Instructions to follow -> In the data below, find the line with "Закройте тыкву верхушкой" and the line with "Все эти несколько", then restate both and every line between them exactly, minus the pictures.
───── Source data
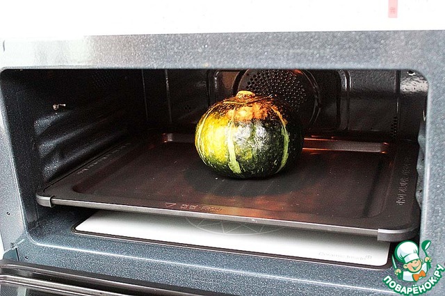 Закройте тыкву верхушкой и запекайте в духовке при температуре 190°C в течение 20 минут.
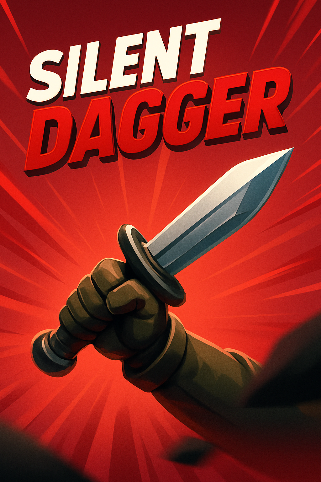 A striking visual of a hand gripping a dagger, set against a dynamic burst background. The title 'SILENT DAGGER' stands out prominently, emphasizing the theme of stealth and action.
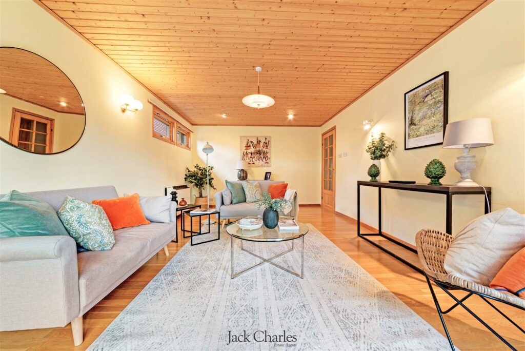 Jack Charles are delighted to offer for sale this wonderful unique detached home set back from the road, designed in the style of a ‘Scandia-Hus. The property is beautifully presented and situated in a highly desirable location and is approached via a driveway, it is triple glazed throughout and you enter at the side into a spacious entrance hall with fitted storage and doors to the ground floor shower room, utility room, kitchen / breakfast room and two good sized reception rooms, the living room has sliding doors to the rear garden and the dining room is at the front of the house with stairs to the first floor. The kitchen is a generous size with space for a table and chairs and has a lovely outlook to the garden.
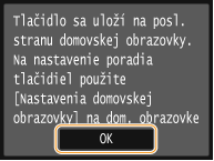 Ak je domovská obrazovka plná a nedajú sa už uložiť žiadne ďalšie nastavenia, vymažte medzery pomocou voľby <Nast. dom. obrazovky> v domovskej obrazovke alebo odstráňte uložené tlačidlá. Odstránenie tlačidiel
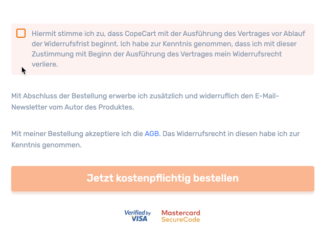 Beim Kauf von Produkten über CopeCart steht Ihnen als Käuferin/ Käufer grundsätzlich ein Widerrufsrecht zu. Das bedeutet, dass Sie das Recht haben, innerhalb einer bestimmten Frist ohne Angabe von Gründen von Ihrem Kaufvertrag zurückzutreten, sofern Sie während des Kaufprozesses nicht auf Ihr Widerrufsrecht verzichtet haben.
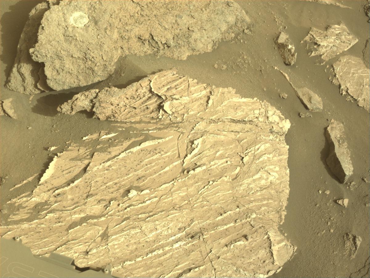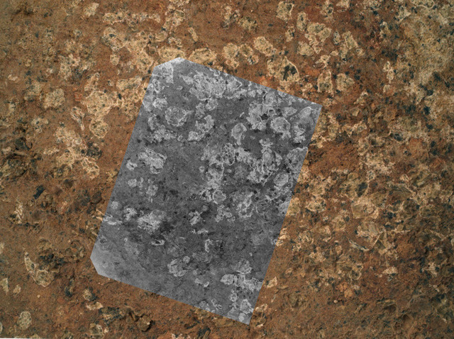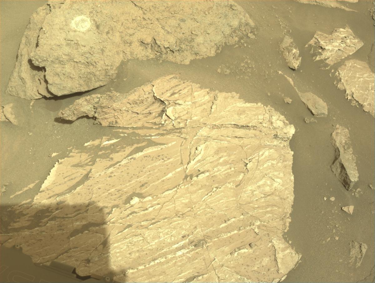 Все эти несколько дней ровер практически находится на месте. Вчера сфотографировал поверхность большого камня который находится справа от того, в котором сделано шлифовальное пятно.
──────────
───── Source data
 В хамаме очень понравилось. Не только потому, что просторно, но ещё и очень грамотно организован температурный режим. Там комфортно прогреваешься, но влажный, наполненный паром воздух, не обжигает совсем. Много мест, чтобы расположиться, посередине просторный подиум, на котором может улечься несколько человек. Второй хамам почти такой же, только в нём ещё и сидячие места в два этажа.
──────────
───── Source data
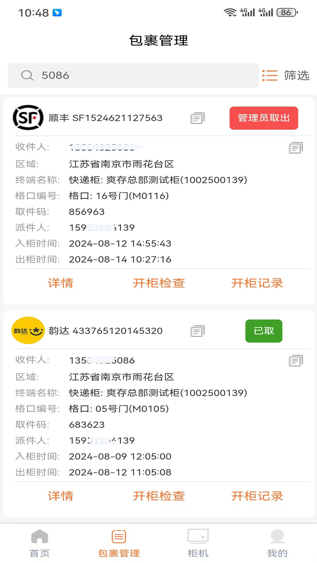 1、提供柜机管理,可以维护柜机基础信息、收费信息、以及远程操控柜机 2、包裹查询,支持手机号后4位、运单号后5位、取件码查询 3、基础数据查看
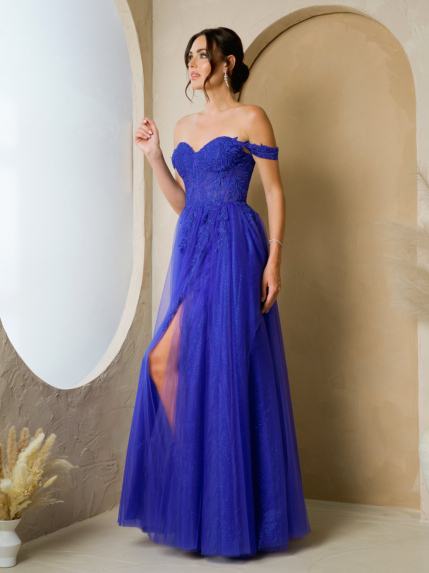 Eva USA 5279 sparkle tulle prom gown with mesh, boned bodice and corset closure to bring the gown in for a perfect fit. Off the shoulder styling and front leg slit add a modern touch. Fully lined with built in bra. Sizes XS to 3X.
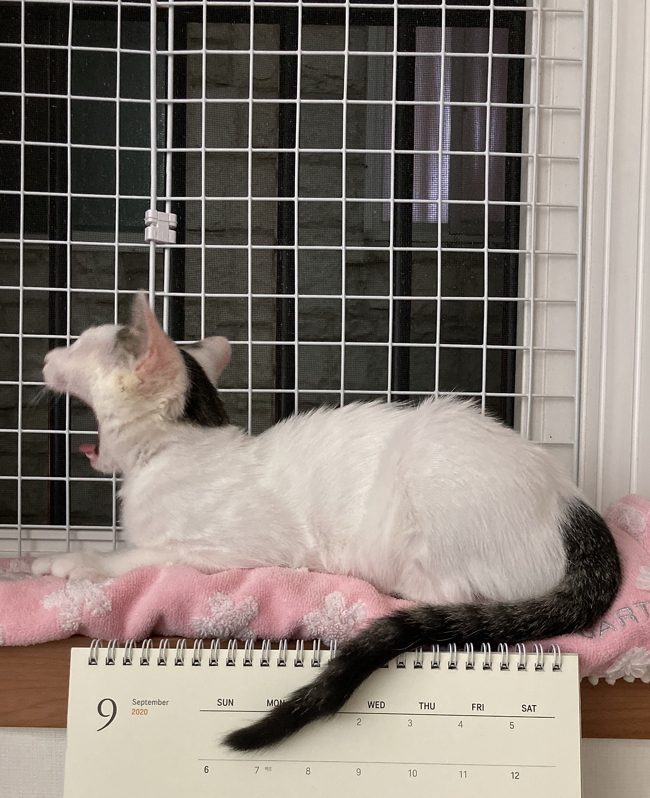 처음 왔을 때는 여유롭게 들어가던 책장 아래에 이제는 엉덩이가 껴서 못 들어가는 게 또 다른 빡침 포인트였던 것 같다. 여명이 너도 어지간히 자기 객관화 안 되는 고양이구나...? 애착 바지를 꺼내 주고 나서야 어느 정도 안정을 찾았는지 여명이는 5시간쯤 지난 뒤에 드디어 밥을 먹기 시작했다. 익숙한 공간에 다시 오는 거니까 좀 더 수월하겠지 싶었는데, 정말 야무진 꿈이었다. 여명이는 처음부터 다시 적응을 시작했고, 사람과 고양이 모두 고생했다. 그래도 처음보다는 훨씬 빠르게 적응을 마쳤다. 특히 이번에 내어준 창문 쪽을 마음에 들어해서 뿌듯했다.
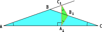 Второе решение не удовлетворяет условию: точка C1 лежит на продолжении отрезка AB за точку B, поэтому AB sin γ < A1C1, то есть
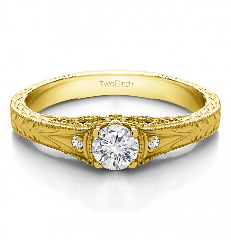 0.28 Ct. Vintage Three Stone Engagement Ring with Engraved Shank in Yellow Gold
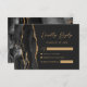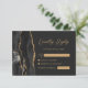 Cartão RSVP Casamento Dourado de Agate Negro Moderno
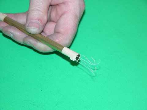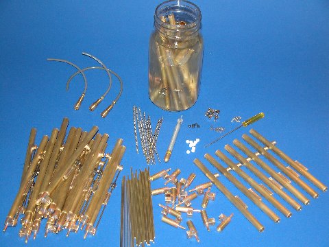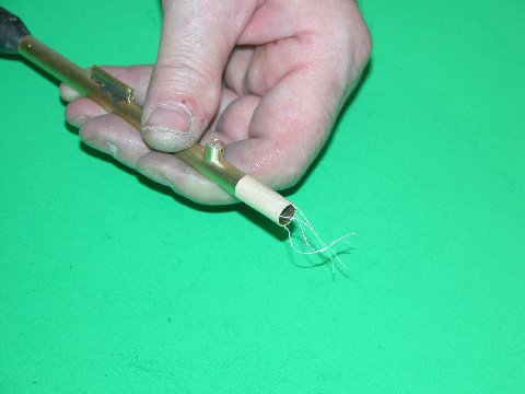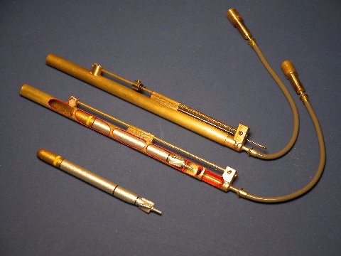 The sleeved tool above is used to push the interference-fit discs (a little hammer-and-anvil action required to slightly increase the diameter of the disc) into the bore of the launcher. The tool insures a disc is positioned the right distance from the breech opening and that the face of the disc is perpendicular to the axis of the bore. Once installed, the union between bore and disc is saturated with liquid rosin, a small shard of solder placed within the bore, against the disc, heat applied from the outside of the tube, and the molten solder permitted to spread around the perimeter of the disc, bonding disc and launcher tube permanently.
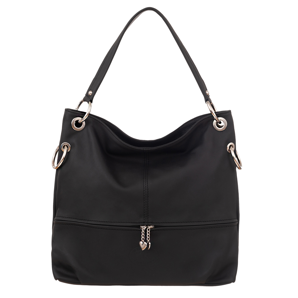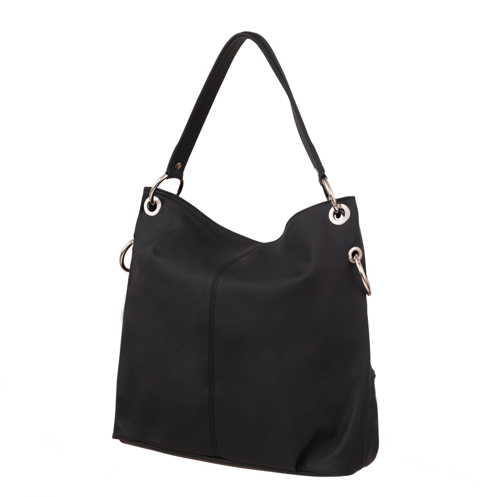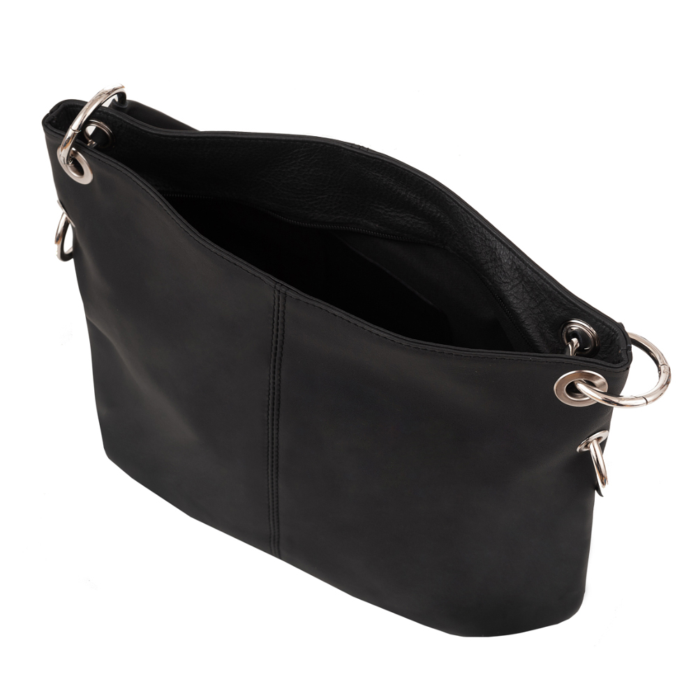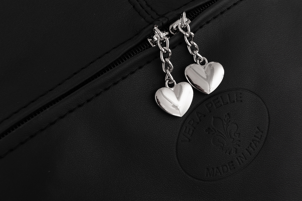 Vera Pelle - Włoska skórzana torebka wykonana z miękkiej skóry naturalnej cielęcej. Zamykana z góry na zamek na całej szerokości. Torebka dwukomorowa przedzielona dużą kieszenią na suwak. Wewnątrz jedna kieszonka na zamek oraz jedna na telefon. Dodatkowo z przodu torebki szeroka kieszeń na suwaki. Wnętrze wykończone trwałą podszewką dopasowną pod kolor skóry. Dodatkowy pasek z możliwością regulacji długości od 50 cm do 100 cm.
──────────
Answer ->
 Закройте тыкву верхушкой и запекайте в духовке при температуре 190°C в течение 20 минут.
 A striking visual of a hand gripping a dagger, set against a dynamic burst background. The title 'SILENT DAGGER' stands out prominently, emphasizing the theme of stealth and action.
 Jack Charles are delighted to offer for sale this wonderful unique detached home set back from the road, designed in the style of a ‘Scandia-Hus. The property is beautifully presented and situated in a highly desirable location and is approached via a driveway, it is triple glazed throughout and you enter at the side into a spacious entrance hall with fitted storage and doors to the ground floor shower room, utility room, kitchen / breakfast room and two good sized reception rooms, the living room has sliding doors to the rear garden and the dining room is at the front of the house with stairs to the first floor. The kitchen is a generous size with space for a table and chairs and has a lovely outlook to the garden.
 Ak je domovská obrazovka plná a nedajú sa už uložiť žiadne ďalšie nastavenia, vymažte medzery pomocou voľby <Nast. dom. obrazovky> v domovskej obrazovke alebo odstráňte uložené tlačidlá. Odstránenie tlačidiel
 Beim Kauf von Produkten über CopeCart steht Ihnen als Käuferin/ Käufer grundsätzlich ein Widerrufsrecht zu. Das bedeutet, dass Sie das Recht haben, innerhalb einer bestimmten Frist ohne Angabe von Gründen von Ihrem Kaufvertrag zurückzutreten, sofern Sie während des Kaufprozesses nicht auf Ihr Widerrufsrecht verzichtet haben.
 Все эти несколько дней ровер практически находится на месте. Вчера сфотографировал поверхность большого камня который находится справа от того, в котором сделано шлифовальное пятно.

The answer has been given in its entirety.